Analysis of data is the basis for progress in science (Batista et al., 2021). Frontier scientific research operates in an environment defined by unprecedented volumes of data and an acceleration in the number of measurement types (Abdalla et al., 2022, National Academies of Sciences et al., 2023, ESA, 2023). In the European single market, missions and experiments in astronomy and particle physics performed by large-scale scientific projects are resulting in a deluge of data releases (Cuillandre et al. 2024, Dubath et al. 2016, The ATLAS Collaboration, 2023, The CMS Collaboration, 2019, Alexandrov et al., 2024). Large-scale scientific projects challenge organisations and academic institutions to identify data formats that shorten the time to scientific insight and open access to researchers with a range of cognitive and perceptual abilities. In addition implementing systems to identify suitable formats and generate outputs comes with its own technical and economic challenges.
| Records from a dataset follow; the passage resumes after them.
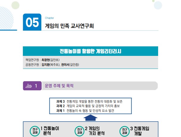게임리터러시 연구교사 게임리터러시 온라인 연수 게임리터러시 집합연수 교사 자료실 교사 자료실 제목 [2020 교사연구회 사례집] 5.게임의 민족 교사연구회 날짜 2025-02-06 조회수 19 [2020 교사연구회 사례집] 5.게임의 민족 교사연구회 첨부파일 [2020 교사연구회 사례집] 5.게임의 민족 교사연구회.pdf 이전글 [2020 교사연구회 사례집] 6.가나다 크래프트 교사연구회 다음글 [2020 교사연구회 사례집] 4.육량이 나르샤 교사연구회 목록으로
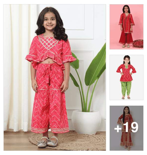 girls printed kurta and dhoti set
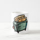 The humble toaster is something we all have in our kitchens. There is many different types of toasters and this design is a cool one of a two slice toaster with two slices of toast popping out of it. This toaster looks great on this mug. Perfect for yourself or as a gift
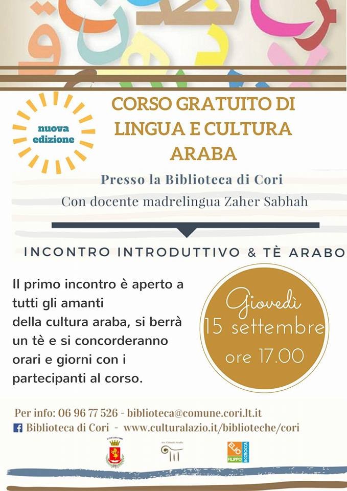 Cori: corso gratuito di lingua e cultura araba con lo chef Zaher Eliass Sabhah
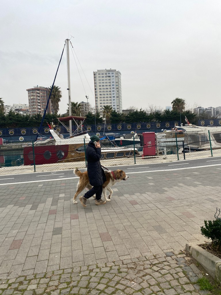 Büyük bina küçük bina.. sararmış gökyüzü ve Kurbağalıdere’de yelkenleri indirilmiş tekneler görüyordum.. ayrıca limanda kocaman köpeğiyle yürüyen bir kız vardı.. türlü tekneler de yüzüyor derenin içinde.. kahverengi beyaz koca köpek sahibinin yanında meraklı ve ileriye bakarak kesik kuyruğuyla ilerliyordu…
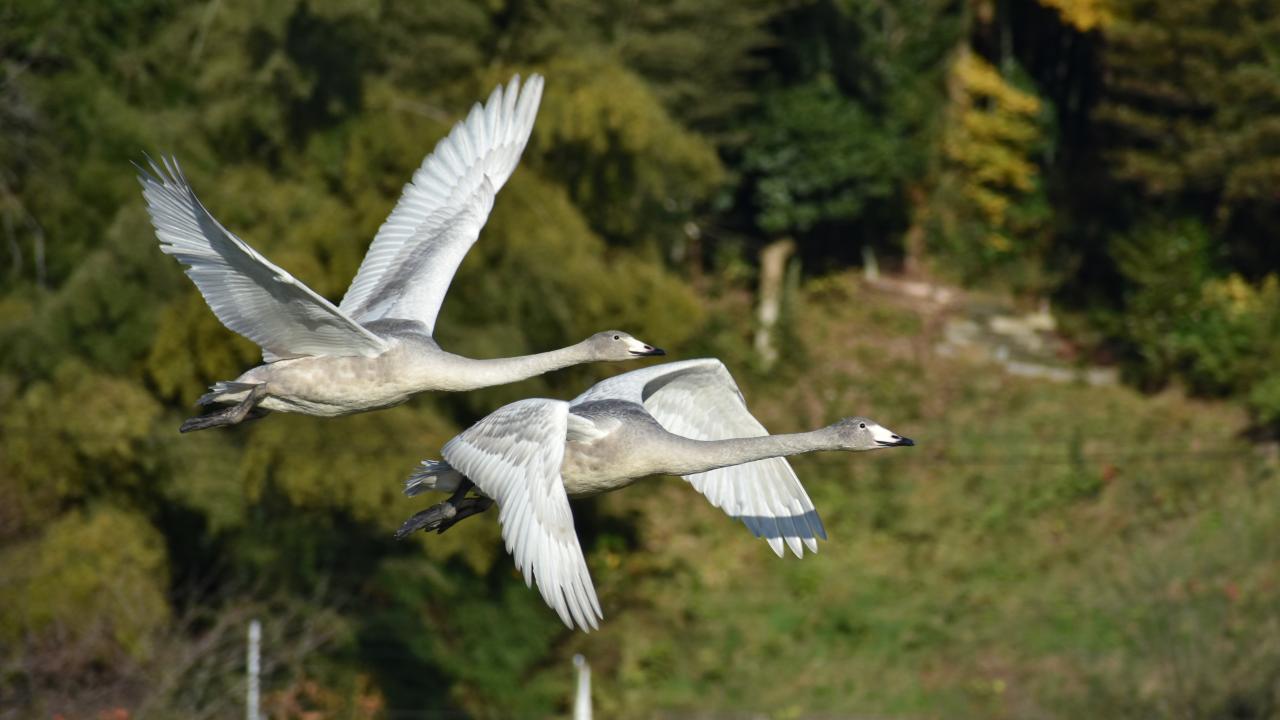 Wallpaper Two gray geese fly over the lake

In this research, we assess the opportunity presented by the emergence of AI systems designed for multi-step workflows to deliver data determined by the requirements of scientists and researchers in astronomy and particle physics. This forms the basis for identifying system designs to serve scientific communities. Two principles inform the design of systems able to automate efficient processing of data and generate outputs that enable scientific discovery:

  • The first principle is innovation in the preprocessing and generation of data in the form of different modalities (Angelidakis et al., 2024, Team et al., 2023). Presenting information in multiple modalities serves as a means to broaden the scope of analytical options available to researchers (Pérez-Montero et al., 2022b).
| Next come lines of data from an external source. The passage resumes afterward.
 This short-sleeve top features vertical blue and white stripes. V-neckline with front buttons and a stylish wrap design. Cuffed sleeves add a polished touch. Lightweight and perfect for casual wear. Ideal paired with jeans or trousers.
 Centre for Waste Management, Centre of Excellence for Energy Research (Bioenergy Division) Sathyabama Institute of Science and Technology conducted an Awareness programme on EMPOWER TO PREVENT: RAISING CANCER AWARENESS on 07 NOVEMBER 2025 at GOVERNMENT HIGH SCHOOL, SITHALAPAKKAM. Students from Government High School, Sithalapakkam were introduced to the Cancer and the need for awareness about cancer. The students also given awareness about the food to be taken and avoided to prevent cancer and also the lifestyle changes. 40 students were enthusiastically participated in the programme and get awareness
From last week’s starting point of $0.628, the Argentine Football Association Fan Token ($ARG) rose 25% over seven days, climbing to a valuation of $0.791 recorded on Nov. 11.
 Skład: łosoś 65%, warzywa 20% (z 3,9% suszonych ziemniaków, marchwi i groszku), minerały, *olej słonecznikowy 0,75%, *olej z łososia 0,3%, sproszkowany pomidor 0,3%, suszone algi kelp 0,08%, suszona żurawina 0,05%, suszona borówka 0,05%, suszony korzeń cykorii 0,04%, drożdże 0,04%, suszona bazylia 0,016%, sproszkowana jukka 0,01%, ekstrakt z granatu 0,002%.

  • The second principle is to deliver performance capabilities that can run multi-step workflows. These systems are enabled by the combination of Large Language Models (LLMs) and Large Multimodal Models (LMMs) - and development frameworks (Wu et al., 2023, Liu et al., 2023).
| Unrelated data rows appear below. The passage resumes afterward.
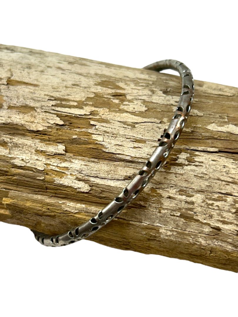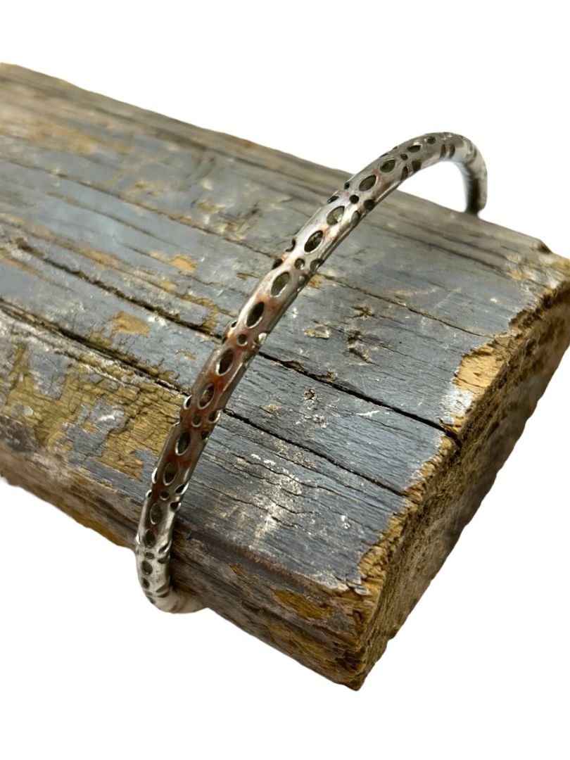Large Hollow Silvertone Bangle Bracelet Laser Cut 4mm
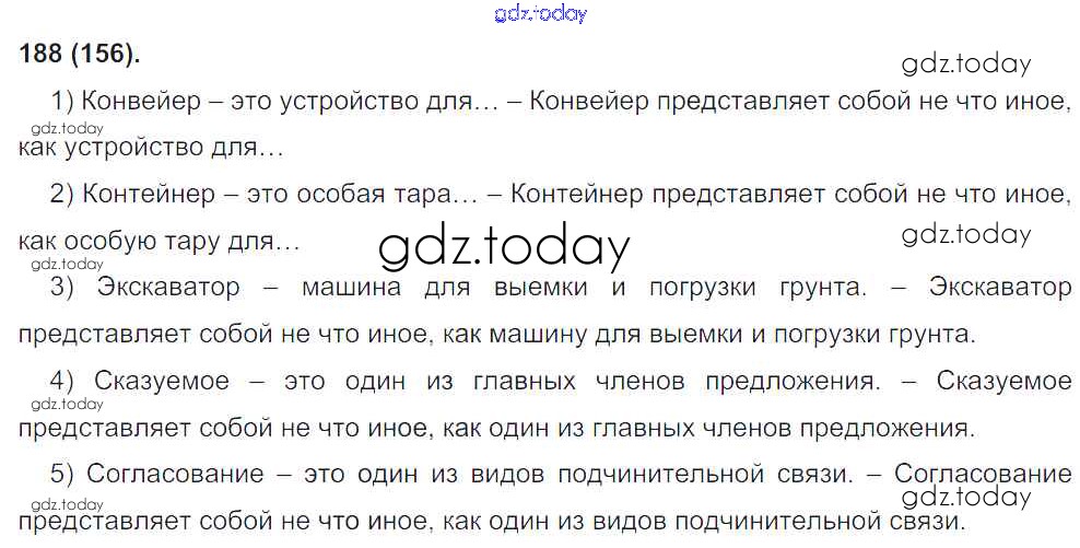 На страницах сайта gdz.today вы найдете учебный и вспомогательный материал, направленный на улучшения знаний школьной программы. ГДЗ - онлайн мир знаний Решение к упражнениям 188 Учебнику по Русскому языку для 8 класса Бархударов, Крючков Просвещение 2018
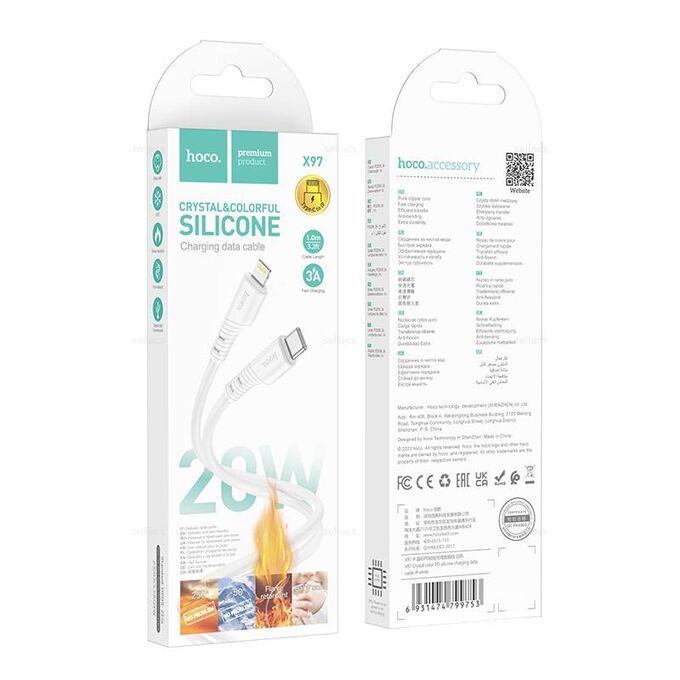 Дата-кабель HOCO X97 Crystal color silicone charging Lightning, 1м (серый)

AI in the form of Large Language Models (LLMs) and Large Multimodal Models (LMMs) are displaying early abilities to perform complex tasks (Huang et al., 2024, Carrasco et al., 2025). The release of these models is coinciding with the development frameworks to perform workflows consisting of several steps or subtasks (Wu et al., 2023, Liu et al., 2023). In this research, we assess the opportunity presented by the emergence of AI systems designed for multi-step workflows delivering data determined by the requirements of scientists and researchers. This forms the basis for identifying systems designs to serve scientific communities in astronomy and particle physics. Research questions defining the scope of this research follow.

Research Questions

  • Which formats improve scientific workflows across the community of investigators (with specific consideration of persons with disabilities as investigators)?
  • Which systems are best adapted to generating accessible and multimodal formats for data outputs?
  • How can framework design be specified to improve identification of formats that accelerate discovery and insight?
  • What are the most efficient methods for using machine reasoning for format identification and generation?
  • Which framework designs are most suited to enable efficient discovery, interpretation, and communication of insights from scientific data?